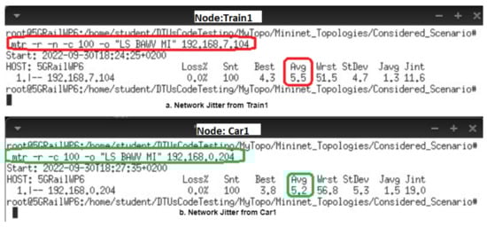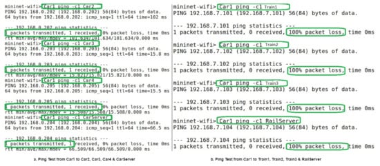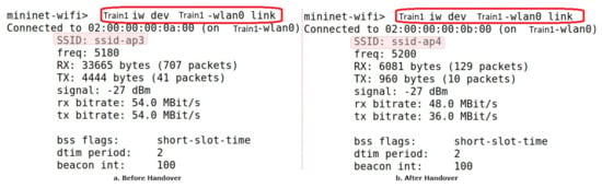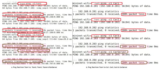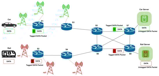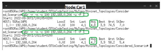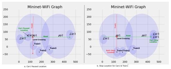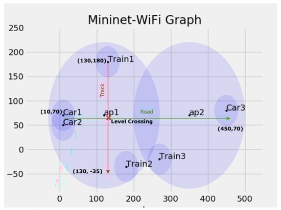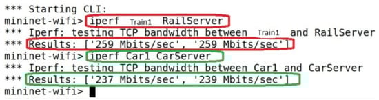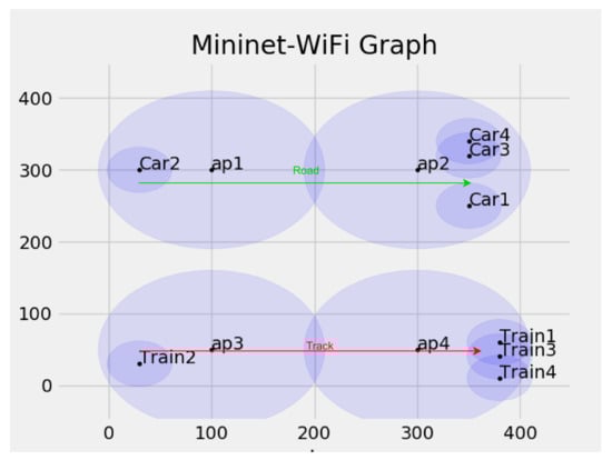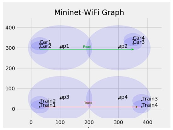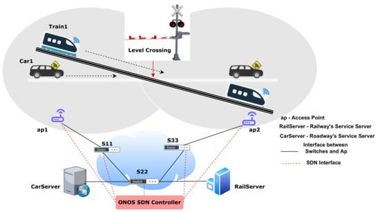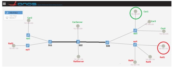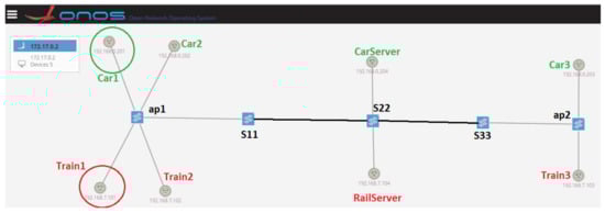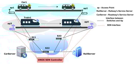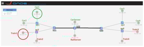 A Python script is written to create a network topology with Mininet–WiFi where trains and cars have different access networks, both domains shared the core network, and railways have parallel tracks to roads. Figure 3 shows the S2(5/6)1 scenario, where an ONOS SDN controller programmatically controls the forwarding elements of the topology. The network switches and access points are SDN-based devices and they are operated and controlled via OpenFlow protocol. Host Car1 represents a car, and host Train1 represents a rail. Access points ap1 and ap2 are defined for roads, and ap3 and ap4 are defined for railways. Access points ap1 and ap3 are connected to network switch S11, and ap2 and ap4 are connected to switch S33. The switch S22 is connected to S11 and S33. The host “RailServer” is defined as a railways service server, and “CarServer” is defined as a road service server; both servers are connected to switch S22. In this simple network topology, switch S22 is the core network switch, and S11 and S33 are the edge switches.
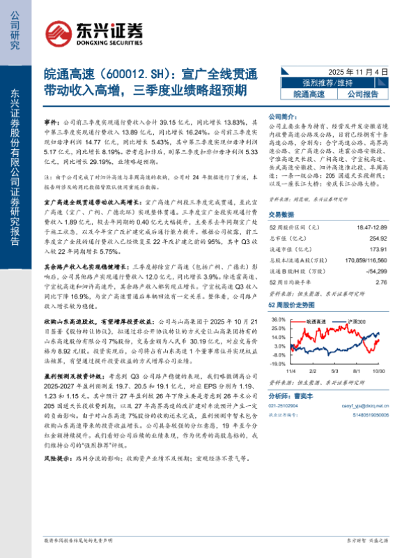 【东兴证券】【202511】皖通高速(600012.SH):宣广全线贯通带动收入高增,三季度业绩略超预期-6页
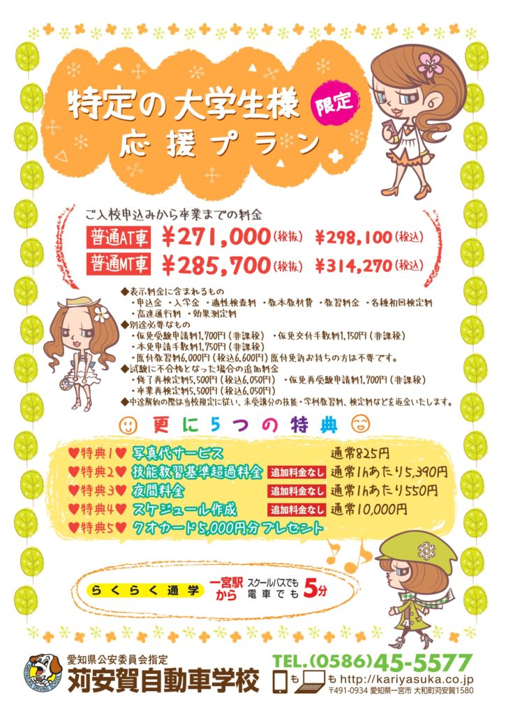 金城学院大学生様限定 夏休み企画!【苅安賀自動車学校】

WHAT YOU NEED TO DO:
Only the pictures are to be left out; the rest of the material above should be printed verbatim.

RESPONSE TO THE TASK:
 A Python script is written to create a network topology with Mininet–WiFi where trains and cars have different access networks, both domains shared the core network, and railways have parallel tracks to roads. Figure 3 shows the S2(5/6)1 scenario, where an ONOS SDN controller programmatically controls the forwarding elements of the topology. The network switches and access points are SDN-based devices and they are operated and controlled via OpenFlow protocol. Host Car1 represents a car, and host Train1 represents a rail. Access points ap1 and ap2 are defined for roads, and ap3 and ap4 are defined for railways. Access points ap1 and ap3 are connected to network switch S11, and ap2 and ap4 are connected to switch S33. The switch S22 is connected to S11 and S33. The host “RailServer” is defined as a railways service server, and “CarServer” is defined as a road service server; both servers are connected to switch S22. In this simple network topology, switch S22 is the core network switch, and S11 and S33 are the edge switches.
 【东兴证券】【202511】皖通高速(600012.SH):宣广全线贯通带动收入高增,三季度业绩略超预期-6页
 金城学院大学生様限定 夏休み企画!【苅安賀自動車学校】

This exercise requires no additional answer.